Мне было шесть лет, брату пять, когда, в 1905 году, к нам приехала Mademoiselle. Показалась она мне огромной, и в самом деле она была очень толста. Вижу ее пышную прическу, с непризнанной сединой в темных волосах, три,-- и только три, но какие! --морщины на суровом лбу, густые мужские брови над серыми -- цвета ее же стальных часиков -- глазами за стеклами пенсне в черной оправе; вижу ее толстые ноздри, зачаточные усы и ровную красноту большого лица, сгущающуюся, при наплыве гнева, до багровости в окрестностях третьего и обширнейшего ее подбородка, который так величественно располагается прямо на высоком скате ее многосборчатой блузы. Вот, готовясь читать нам, она придвигает к себе толчками, незаметно пробуя его прочность, верандовое кресло и приступает к акту усадки: ходит студень под нижнею челюстью, осмотрительно опускается чудовищный круп с тремя костяными пуговицами на боку, и напоследок она разом сдает всю свою колышимую массу камышовому сиденью, которое со страху разражается скрипом и треском.

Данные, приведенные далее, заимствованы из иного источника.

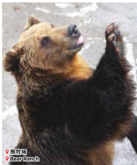
熊牧场 Bear Ranch

Зима, среди которой она приехала к нам, была единственной, проведенной нами в деревне, и все было ново и весело -- и валенки, и снеговики, и гигантские синие сосульки, свисающие с крыши красного амбара, и запах мороза и смолы, и гул печек в комнатах усадьбы, где в разных приятных занятиях тихо кончалось бурное царство мисс Робинсон. Год, как известно, был революционный, с бунтами, надеждами, городскими забастовками, и отец правильно рассчитал, что семье будет покойнее в Выре. Правда, в окрестных деревнях были, как и везде, и хулиганы и пьяницы,-- а в следующем году даже так случилось, что зимние озорники вломились в запертый дом и выкрали из киотов разные безделицы,-- но в общем отношения с местными крестьянами были идиллические: как и всякий бескорыстный барин-либерал, мой отец делал великое количество добра в пределах рокового неравенства.

Я не поехал встречать ее на Сиверскую, железнодорожную остановку в девяти верстах от нас; но теперь высылаю туда призрачного представителя и через него вижу ясно, как она выходит из желтого вагона в сумеречную глушь небольшой оснеженной станции в глубине гиперборейской страны и что она чувствует при этом. Ее русский словарь состоял из одного короткого слова -- того же, ничем не обросшего, неразменного слова, которое спустя десять лет она увезла обратно, в родную Лозанну. Это простое словечко "где" превращалось у нее в "гиди-э" и, полнясь магическим смыслом, звуча граем потерявшейся птицы, оно набирало столько вопросительной и заклинательной силы, что удовлетворяло всем ее нуждам. "Гиди-э, ги-ди-э?,--заливалась она, не только добиваясь определения места, но выражая бездну печали -- одиночество, страх, бедность, болезнь и мольбу доставить ее в обетованный край, где ее наконец поймут и оценят.